_Assignment_. The reply is to contain the full listing, repeated exactly, with pictures left out.

******************************

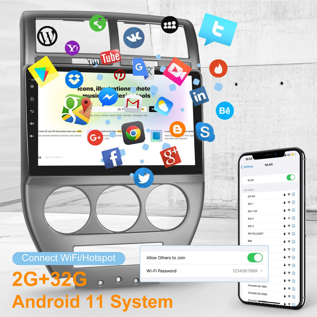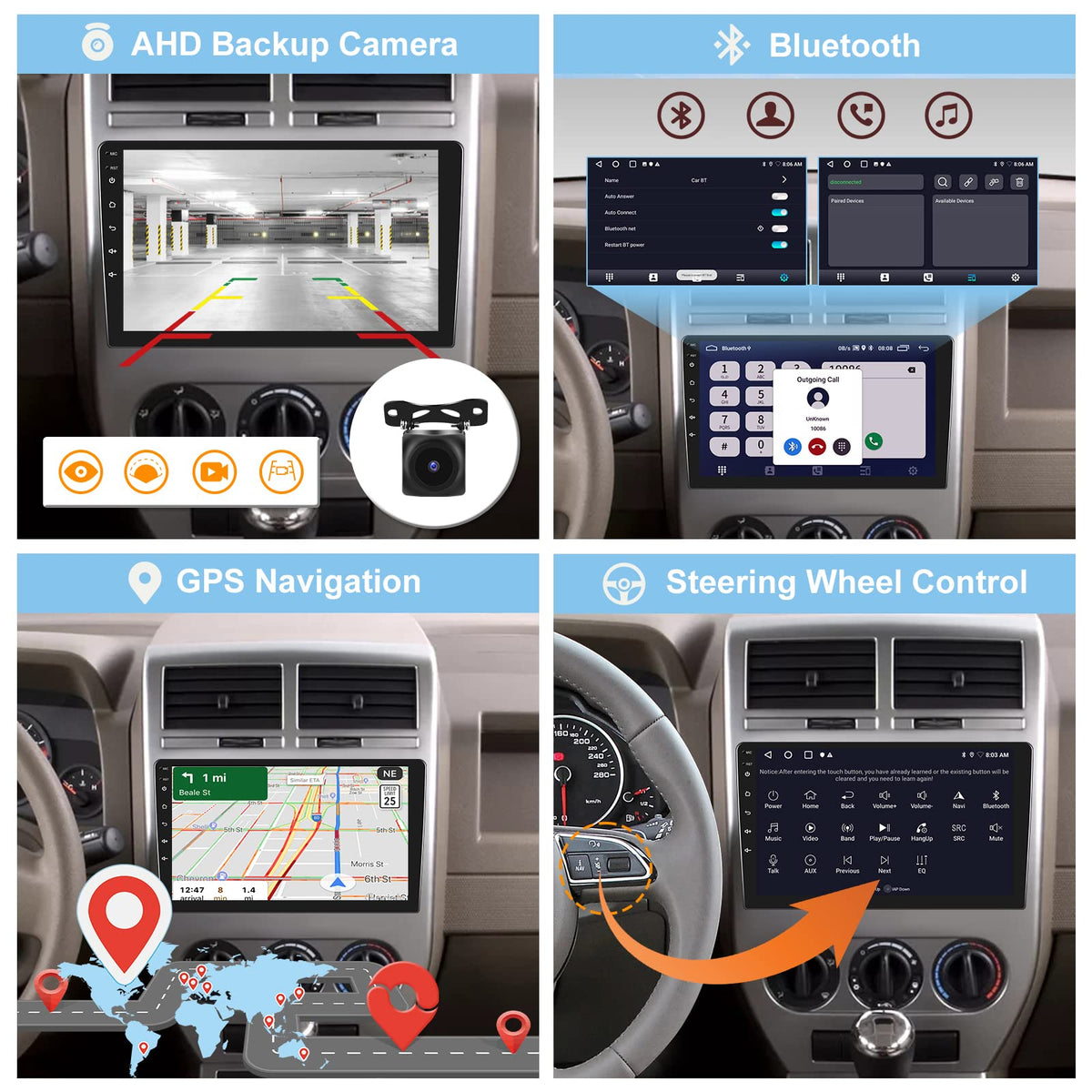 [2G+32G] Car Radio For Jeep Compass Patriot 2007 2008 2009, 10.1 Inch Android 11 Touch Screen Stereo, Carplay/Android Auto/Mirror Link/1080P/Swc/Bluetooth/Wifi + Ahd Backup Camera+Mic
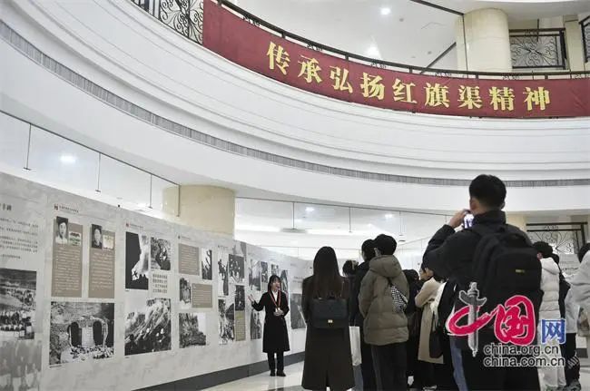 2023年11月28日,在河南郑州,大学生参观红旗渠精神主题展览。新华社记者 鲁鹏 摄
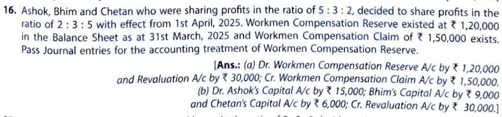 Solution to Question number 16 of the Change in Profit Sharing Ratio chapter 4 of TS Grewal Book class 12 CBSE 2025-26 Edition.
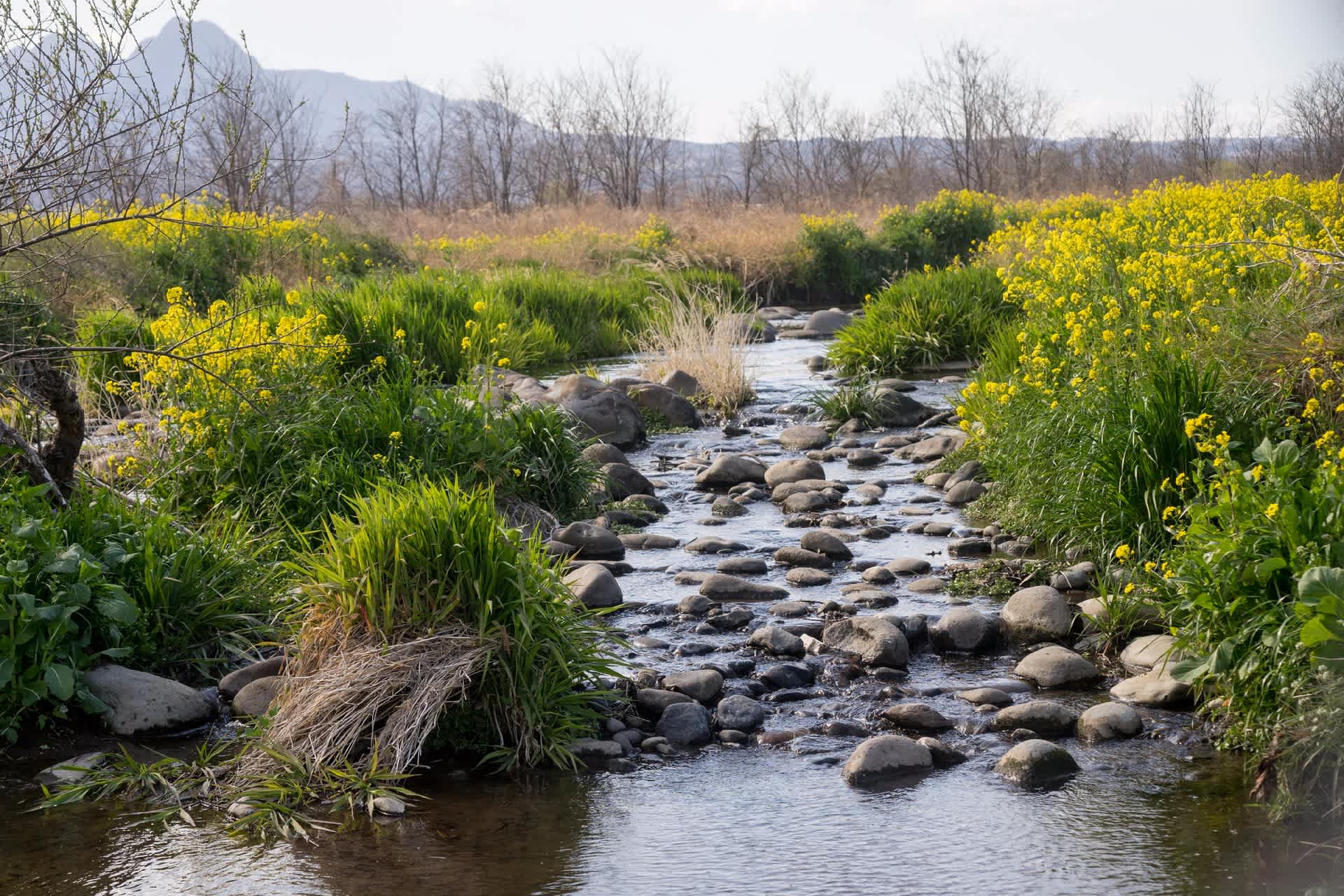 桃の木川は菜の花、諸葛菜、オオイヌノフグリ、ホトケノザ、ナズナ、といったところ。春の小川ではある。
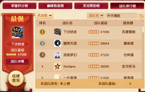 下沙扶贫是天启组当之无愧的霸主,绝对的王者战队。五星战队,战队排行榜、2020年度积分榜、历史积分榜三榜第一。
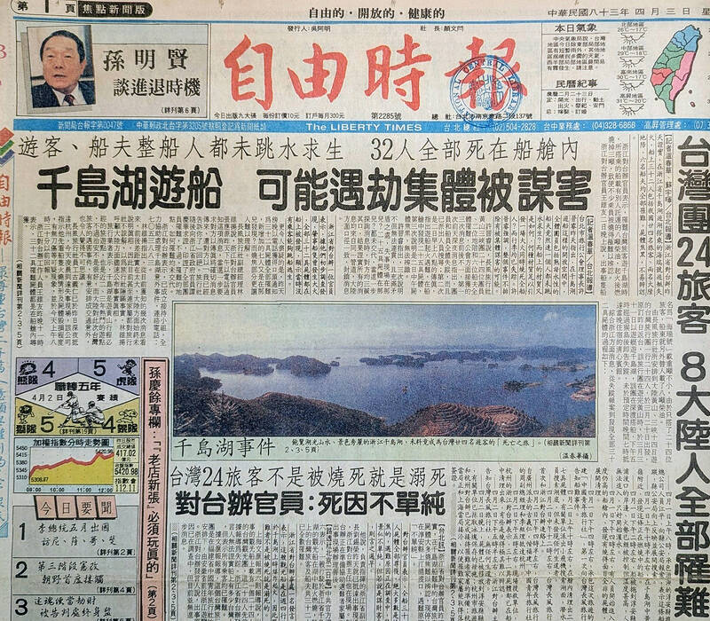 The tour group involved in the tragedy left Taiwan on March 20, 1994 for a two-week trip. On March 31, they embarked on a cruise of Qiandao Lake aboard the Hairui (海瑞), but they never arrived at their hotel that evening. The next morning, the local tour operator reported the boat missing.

******************************

_Written response_.
 [2G+32G] Car Radio For Jeep Compass Patriot 2007 2008 2009, 10.1 Inch Android 11 Touch Screen Stereo, Carplay/Android Auto/Mirror Link/1080P/Swc/Bluetooth/Wifi + Ahd Backup Camera+Mic
 2023年11月28日,在河南郑州,大学生参观红旗渠精神主题展览。新华社记者 鲁鹏 摄
 Solution to Question number 16 of the Change in Profit Sharing Ratio chapter 4 of TS Grewal Book class 12 CBSE 2025-26 Edition.
 桃の木川は菜の花、諸葛菜、オオイヌノフグリ、ホトケノザ、ナズナ、といったところ。春の小川ではある。
 下沙扶贫是天启组当之无愧的霸主,绝对的王者战队。五星战队,战队排行榜、2020年度积分榜、历史积分榜三榜第一。
 The tour group involved in the tragedy left Taiwan on March 20, 1994 for a two-week trip. On March 31, they embarked on a cruise of Qiandao Lake aboard the Hairui (海瑞), but they never arrived at their hotel that evening. The next morning, the local tour operator reported the boat missing.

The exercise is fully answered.